Еще несколько мин разорвалось поблизости, потом на минуту-другую стало тихо. Трошкин подал мне руку, и я, превозмогая боль, вскинулась и оказалась рядом.

Сразу же за оврагом начались пшеничные поля. Колосья стояли густой стеной, сникшие под тяжестью спелых зерен, и, раздвигая их, мы ползли вперед, стараясь поскорее уйти из-под обстрела. Миновали наконец поле, показавшееся бесконечным, и стрельба осталась позади.

- Крепись, сестричка, - подбадривал меня Трошкин. - Худо только, что далеко до темноты.

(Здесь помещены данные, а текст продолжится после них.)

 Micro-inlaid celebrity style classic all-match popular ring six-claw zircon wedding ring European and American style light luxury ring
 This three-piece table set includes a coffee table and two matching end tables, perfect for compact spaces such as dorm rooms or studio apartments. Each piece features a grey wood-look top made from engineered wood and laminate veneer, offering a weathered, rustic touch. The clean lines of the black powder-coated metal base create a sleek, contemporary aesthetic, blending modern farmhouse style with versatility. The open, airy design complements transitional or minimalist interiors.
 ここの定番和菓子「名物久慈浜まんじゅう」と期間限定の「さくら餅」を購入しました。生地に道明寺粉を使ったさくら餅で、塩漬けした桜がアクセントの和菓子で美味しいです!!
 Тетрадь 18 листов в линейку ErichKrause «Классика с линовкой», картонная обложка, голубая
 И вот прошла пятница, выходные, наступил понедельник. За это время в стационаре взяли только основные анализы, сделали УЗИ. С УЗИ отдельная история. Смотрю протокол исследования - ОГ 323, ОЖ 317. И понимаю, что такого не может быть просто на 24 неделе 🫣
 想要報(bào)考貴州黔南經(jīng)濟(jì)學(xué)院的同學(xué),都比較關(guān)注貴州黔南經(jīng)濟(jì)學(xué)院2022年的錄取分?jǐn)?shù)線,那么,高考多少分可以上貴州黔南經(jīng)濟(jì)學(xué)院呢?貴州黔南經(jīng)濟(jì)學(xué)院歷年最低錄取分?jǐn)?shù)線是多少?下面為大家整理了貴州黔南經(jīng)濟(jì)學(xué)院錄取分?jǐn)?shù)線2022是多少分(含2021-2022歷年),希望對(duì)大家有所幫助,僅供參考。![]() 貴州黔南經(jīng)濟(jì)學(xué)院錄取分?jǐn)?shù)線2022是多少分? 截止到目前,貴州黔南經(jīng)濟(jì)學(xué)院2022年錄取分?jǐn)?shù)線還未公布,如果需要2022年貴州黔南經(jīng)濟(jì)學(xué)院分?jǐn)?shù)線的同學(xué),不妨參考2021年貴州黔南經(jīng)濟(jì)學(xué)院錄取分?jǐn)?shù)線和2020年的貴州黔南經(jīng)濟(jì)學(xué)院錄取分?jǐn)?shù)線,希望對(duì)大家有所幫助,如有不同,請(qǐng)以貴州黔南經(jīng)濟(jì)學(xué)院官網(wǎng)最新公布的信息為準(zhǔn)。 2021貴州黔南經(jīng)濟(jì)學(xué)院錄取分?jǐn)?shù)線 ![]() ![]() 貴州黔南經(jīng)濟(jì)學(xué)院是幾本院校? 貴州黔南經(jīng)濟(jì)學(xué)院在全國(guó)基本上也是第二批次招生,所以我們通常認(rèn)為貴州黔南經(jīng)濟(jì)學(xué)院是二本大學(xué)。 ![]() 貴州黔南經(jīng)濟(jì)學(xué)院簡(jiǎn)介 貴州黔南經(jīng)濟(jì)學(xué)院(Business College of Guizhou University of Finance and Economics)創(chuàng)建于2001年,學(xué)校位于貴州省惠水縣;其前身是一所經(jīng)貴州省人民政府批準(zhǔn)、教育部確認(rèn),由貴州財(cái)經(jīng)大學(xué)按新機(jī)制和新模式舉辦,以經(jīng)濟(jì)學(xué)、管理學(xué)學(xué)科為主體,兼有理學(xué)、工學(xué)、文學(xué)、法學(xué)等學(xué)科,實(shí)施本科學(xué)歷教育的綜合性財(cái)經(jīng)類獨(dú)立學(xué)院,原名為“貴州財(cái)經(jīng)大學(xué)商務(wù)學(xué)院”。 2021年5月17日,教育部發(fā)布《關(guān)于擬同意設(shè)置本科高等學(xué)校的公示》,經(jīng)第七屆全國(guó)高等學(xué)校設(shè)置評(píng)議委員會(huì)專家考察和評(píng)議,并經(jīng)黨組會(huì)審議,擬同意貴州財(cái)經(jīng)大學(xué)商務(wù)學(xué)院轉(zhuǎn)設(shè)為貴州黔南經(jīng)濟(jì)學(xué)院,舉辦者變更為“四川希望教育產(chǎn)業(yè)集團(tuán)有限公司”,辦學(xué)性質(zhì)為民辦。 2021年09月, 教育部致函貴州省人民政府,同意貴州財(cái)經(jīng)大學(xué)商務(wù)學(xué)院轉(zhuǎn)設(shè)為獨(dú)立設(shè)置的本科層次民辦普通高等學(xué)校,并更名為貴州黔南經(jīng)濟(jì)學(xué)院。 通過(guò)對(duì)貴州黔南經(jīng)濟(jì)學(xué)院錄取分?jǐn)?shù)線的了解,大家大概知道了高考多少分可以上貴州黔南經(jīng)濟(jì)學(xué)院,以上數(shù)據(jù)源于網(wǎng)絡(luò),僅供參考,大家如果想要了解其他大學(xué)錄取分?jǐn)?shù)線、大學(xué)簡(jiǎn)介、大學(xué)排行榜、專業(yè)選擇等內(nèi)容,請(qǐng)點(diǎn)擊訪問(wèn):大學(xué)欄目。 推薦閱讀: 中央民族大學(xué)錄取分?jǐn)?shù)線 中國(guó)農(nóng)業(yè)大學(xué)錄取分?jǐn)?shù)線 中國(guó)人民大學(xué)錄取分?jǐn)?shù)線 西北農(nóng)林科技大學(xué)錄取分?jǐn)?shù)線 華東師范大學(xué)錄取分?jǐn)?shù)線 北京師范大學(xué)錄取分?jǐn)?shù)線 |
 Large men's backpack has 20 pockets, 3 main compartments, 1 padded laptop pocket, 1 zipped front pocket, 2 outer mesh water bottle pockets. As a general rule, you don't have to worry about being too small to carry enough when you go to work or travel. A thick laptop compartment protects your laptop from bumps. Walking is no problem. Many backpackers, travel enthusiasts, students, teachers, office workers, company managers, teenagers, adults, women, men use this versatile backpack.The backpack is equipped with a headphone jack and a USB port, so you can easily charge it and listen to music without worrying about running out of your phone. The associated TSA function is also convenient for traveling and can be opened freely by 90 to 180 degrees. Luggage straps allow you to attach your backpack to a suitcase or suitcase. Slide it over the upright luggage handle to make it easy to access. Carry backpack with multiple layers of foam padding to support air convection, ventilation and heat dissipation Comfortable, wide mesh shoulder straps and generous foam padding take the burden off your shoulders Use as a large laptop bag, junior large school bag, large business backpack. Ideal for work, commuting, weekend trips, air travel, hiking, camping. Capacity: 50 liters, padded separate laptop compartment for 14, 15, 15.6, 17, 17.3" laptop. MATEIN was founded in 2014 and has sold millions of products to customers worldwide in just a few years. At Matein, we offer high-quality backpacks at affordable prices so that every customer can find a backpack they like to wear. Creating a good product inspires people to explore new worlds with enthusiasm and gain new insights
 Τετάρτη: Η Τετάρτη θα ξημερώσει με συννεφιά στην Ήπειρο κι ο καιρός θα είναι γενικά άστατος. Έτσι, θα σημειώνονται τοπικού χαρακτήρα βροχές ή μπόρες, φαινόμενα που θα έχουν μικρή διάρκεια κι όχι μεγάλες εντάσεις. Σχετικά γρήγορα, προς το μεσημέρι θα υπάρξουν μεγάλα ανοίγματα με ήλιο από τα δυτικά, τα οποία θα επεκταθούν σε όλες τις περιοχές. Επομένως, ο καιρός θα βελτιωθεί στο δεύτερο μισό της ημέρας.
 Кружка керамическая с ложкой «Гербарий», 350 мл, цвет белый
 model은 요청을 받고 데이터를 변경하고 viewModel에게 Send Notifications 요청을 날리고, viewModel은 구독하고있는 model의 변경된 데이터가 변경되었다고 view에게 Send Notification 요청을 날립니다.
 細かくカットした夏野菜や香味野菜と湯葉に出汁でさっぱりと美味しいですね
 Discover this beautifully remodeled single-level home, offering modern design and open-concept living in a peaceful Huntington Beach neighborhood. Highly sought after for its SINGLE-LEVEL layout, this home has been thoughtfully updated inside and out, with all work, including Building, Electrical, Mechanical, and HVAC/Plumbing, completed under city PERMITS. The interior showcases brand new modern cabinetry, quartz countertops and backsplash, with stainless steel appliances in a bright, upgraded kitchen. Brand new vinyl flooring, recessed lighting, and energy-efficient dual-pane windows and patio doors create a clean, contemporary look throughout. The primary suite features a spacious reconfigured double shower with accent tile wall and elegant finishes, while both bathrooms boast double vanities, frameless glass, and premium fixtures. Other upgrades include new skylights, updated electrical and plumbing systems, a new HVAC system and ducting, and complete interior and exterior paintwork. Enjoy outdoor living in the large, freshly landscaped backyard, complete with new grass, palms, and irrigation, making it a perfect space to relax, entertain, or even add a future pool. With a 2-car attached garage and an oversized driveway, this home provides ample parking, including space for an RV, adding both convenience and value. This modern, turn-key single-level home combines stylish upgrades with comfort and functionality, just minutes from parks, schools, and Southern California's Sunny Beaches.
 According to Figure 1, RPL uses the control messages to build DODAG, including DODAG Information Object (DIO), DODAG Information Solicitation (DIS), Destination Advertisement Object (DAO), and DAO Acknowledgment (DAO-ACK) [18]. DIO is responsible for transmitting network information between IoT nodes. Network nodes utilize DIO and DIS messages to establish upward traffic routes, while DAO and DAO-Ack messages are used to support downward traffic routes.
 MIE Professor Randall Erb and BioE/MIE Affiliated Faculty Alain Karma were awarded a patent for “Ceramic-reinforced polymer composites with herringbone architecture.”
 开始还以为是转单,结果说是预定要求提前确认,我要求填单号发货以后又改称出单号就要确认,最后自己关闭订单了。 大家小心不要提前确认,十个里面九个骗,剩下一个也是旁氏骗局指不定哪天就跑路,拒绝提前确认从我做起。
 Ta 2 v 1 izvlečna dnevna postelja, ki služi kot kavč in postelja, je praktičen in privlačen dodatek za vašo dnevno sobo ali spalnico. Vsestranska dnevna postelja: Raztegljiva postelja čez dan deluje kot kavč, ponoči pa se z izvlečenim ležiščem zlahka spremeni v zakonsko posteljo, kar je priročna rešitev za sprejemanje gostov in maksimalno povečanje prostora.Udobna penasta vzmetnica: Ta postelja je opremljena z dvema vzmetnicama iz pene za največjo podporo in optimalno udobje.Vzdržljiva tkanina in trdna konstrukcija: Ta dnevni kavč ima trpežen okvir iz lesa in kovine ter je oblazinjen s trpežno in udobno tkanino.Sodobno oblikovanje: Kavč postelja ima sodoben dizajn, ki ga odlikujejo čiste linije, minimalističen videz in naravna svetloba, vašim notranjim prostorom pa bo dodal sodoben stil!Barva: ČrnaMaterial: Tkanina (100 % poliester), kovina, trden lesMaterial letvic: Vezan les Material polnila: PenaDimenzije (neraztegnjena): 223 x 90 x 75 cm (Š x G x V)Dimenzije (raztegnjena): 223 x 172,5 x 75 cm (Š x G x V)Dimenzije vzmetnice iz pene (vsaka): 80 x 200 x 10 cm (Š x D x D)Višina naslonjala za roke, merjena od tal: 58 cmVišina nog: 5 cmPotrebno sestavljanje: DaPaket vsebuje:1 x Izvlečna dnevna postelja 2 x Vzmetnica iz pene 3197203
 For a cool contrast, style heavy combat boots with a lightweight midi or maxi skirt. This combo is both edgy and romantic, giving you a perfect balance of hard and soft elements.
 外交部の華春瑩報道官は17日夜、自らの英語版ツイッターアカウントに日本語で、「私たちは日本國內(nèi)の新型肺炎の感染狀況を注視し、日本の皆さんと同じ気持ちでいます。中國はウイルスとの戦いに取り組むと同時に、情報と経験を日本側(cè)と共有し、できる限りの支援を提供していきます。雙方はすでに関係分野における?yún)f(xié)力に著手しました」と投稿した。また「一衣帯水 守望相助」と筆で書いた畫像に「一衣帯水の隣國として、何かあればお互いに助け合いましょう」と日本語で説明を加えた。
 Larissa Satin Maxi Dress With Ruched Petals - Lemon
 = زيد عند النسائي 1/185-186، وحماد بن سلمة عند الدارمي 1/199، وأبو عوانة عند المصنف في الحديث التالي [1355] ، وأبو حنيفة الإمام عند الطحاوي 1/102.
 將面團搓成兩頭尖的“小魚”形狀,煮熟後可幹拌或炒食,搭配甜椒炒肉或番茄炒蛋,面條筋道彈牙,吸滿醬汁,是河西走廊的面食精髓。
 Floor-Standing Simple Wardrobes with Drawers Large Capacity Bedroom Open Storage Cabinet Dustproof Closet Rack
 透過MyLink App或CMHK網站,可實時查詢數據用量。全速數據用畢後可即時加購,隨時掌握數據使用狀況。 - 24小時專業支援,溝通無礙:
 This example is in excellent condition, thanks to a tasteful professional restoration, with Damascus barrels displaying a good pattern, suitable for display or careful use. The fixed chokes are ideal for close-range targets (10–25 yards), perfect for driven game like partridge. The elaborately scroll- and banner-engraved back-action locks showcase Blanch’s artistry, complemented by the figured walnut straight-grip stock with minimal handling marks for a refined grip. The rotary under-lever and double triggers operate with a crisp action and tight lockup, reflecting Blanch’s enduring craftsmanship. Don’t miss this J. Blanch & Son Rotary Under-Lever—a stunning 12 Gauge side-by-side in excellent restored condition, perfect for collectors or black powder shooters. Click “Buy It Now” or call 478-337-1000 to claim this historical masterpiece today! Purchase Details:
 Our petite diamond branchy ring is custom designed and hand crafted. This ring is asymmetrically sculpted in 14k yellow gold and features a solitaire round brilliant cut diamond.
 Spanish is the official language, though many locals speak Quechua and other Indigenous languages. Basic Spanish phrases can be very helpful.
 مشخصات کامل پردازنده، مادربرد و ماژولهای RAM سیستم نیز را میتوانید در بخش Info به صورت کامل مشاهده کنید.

Вдали виднелся гребень леса, и мы пошли туда. Ровные поля чередовались с холмистыми, и перед каждым холмом мы залегали, осматривались, прислушивались, потом вставали и шли дальше. Часа через полтора, когда уже стало смеркаться, мы наконец добрались до леса. Большинство деревьев стояли голые, без крон, с обугленными стволами, а земля сплошь изрыта воронками. Трошкин выбрал воронку поглубже, сказал, что здесь заночуем.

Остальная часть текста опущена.